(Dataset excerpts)

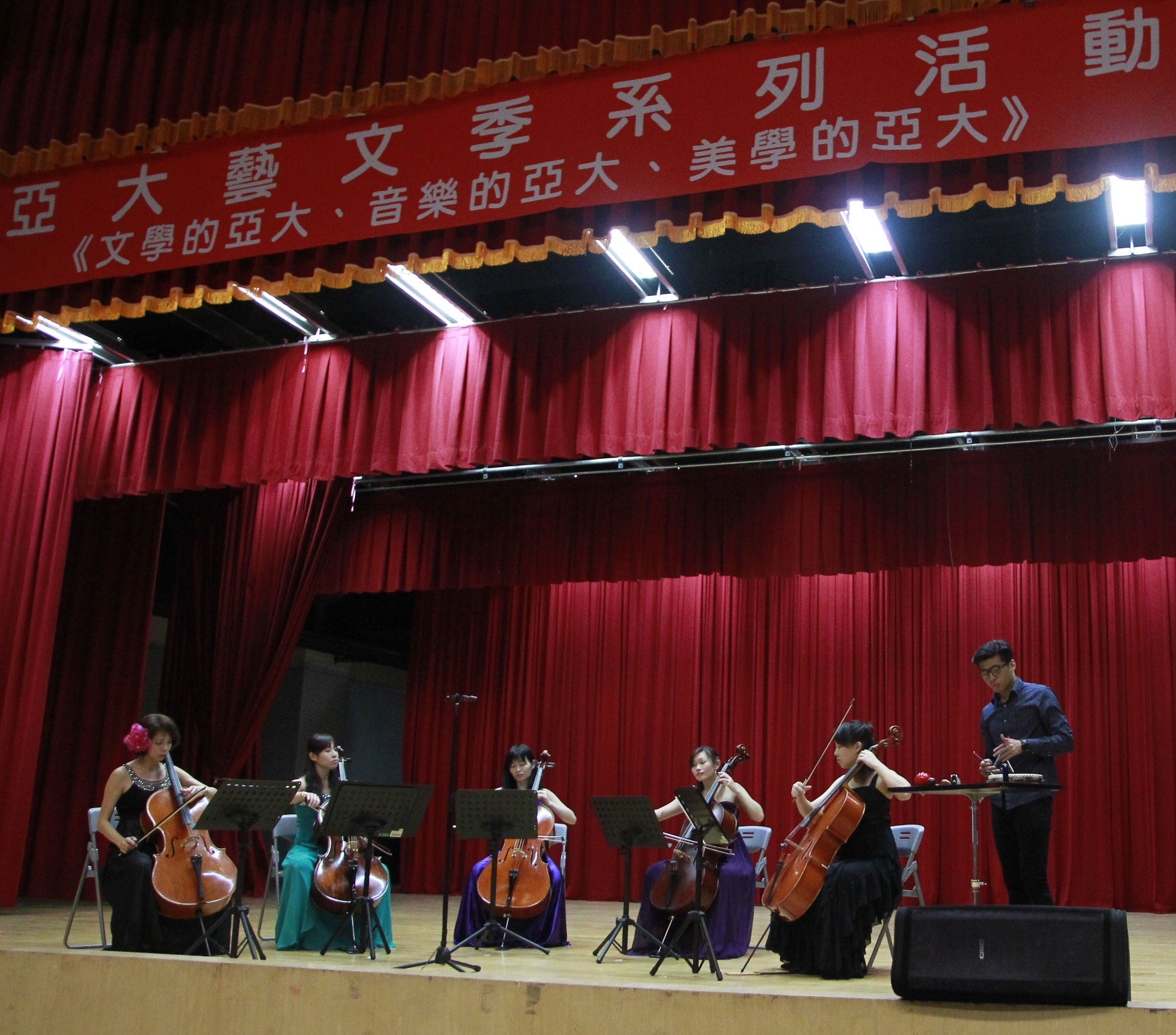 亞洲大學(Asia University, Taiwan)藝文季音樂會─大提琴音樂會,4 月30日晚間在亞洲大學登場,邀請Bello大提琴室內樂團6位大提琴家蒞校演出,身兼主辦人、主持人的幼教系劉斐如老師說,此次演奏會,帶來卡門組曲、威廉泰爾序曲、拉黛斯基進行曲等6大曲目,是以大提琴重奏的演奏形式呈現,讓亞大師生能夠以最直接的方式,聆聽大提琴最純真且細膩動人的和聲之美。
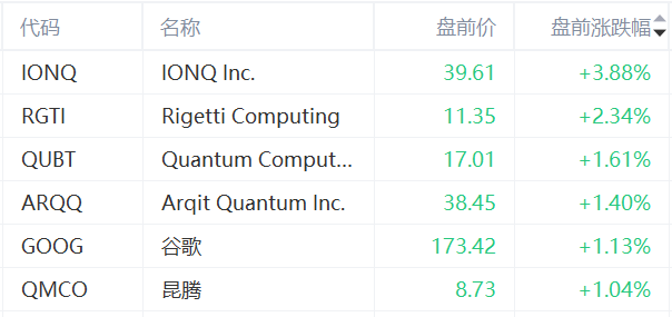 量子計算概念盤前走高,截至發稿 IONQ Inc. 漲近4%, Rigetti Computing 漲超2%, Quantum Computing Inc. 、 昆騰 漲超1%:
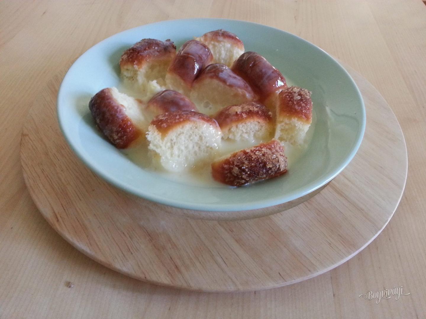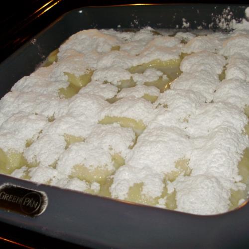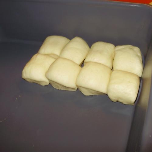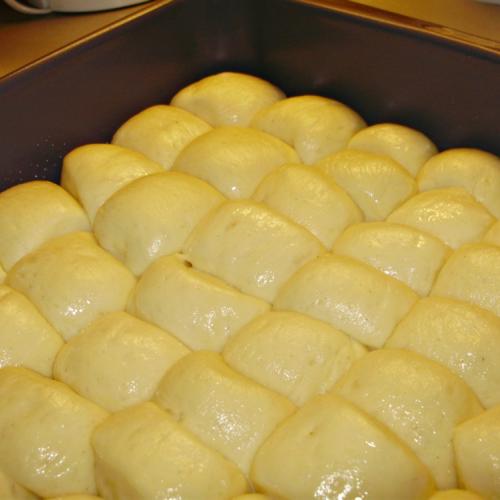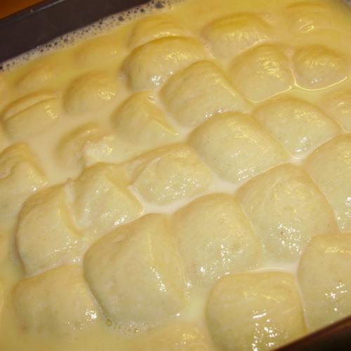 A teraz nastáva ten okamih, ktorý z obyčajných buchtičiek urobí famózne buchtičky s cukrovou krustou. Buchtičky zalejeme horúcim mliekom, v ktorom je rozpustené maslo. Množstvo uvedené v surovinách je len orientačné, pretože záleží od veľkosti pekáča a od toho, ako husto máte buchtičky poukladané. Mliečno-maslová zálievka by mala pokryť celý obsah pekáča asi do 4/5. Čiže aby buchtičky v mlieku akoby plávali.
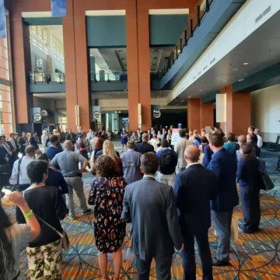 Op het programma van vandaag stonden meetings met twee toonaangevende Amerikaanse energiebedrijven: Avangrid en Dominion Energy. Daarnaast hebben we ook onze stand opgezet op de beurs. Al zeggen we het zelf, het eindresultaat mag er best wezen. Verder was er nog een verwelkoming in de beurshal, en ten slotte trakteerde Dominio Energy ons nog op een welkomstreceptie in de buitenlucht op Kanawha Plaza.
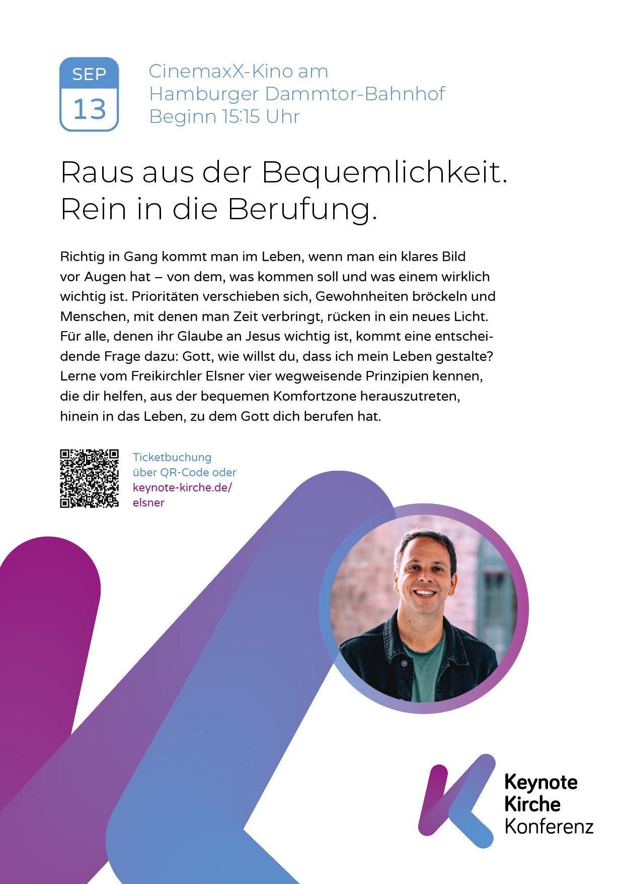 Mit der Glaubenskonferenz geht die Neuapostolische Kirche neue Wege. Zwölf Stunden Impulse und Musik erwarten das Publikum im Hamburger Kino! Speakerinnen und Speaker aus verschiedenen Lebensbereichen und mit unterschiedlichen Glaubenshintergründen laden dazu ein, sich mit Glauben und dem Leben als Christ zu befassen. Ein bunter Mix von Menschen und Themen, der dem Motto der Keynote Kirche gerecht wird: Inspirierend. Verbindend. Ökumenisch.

_ABOUT THIS EXERCISE_
We ask that the entries above be copied exactly, with the pictures omitted.

_EXERCISE RESPONSE_
 亞洲大學(Asia University, Taiwan)藝文季音樂會─大提琴音樂會,4 月30日晚間在亞洲大學登場,邀請Bello大提琴室內樂團6位大提琴家蒞校演出,身兼主辦人、主持人的幼教系劉斐如老師說,此次演奏會,帶來卡門組曲、威廉泰爾序曲、拉黛斯基進行曲等6大曲目,是以大提琴重奏的演奏形式呈現,讓亞大師生能夠以最直接的方式,聆聽大提琴最純真且細膩動人的和聲之美。
 量子計算概念盤前走高,截至發稿 IONQ Inc. 漲近4%, Rigetti Computing 漲超2%, Quantum Computing Inc. 、 昆騰 漲超1%:
 A teraz nastáva ten okamih, ktorý z obyčajných buchtičiek urobí famózne buchtičky s cukrovou krustou. Buchtičky zalejeme horúcim mliekom, v ktorom je rozpustené maslo. Množstvo uvedené v surovinách je len orientačné, pretože záleží od veľkosti pekáča a od toho, ako husto máte buchtičky poukladané. Mliečno-maslová zálievka by mala pokryť celý obsah pekáča asi do 4/5. Čiže aby buchtičky v mlieku akoby plávali.
 Op het programma van vandaag stonden meetings met twee toonaangevende Amerikaanse energiebedrijven: Avangrid en Dominion Energy. Daarnaast hebben we ook onze stand opgezet op de beurs. Al zeggen we het zelf, het eindresultaat mag er best wezen. Verder was er nog een verwelkoming in de beurshal, en ten slotte trakteerde Dominio Energy ons nog op een welkomstreceptie in de buitenlucht op Kanawha Plaza.
 Mit der Glaubenskonferenz geht die Neuapostolische Kirche neue Wege. Zwölf Stunden Impulse und Musik erwarten das Publikum im Hamburger Kino! Speakerinnen und Speaker aus verschiedenen Lebensbereichen und mit unterschiedlichen Glaubenshintergründen laden dazu ein, sich mit Glauben und dem Leben als Christ zu befassen. Ein bunter Mix von Menschen und Themen, der dem Motto der Keynote Kirche gerecht wird: Inspirierend. Verbindend. Ökumenisch.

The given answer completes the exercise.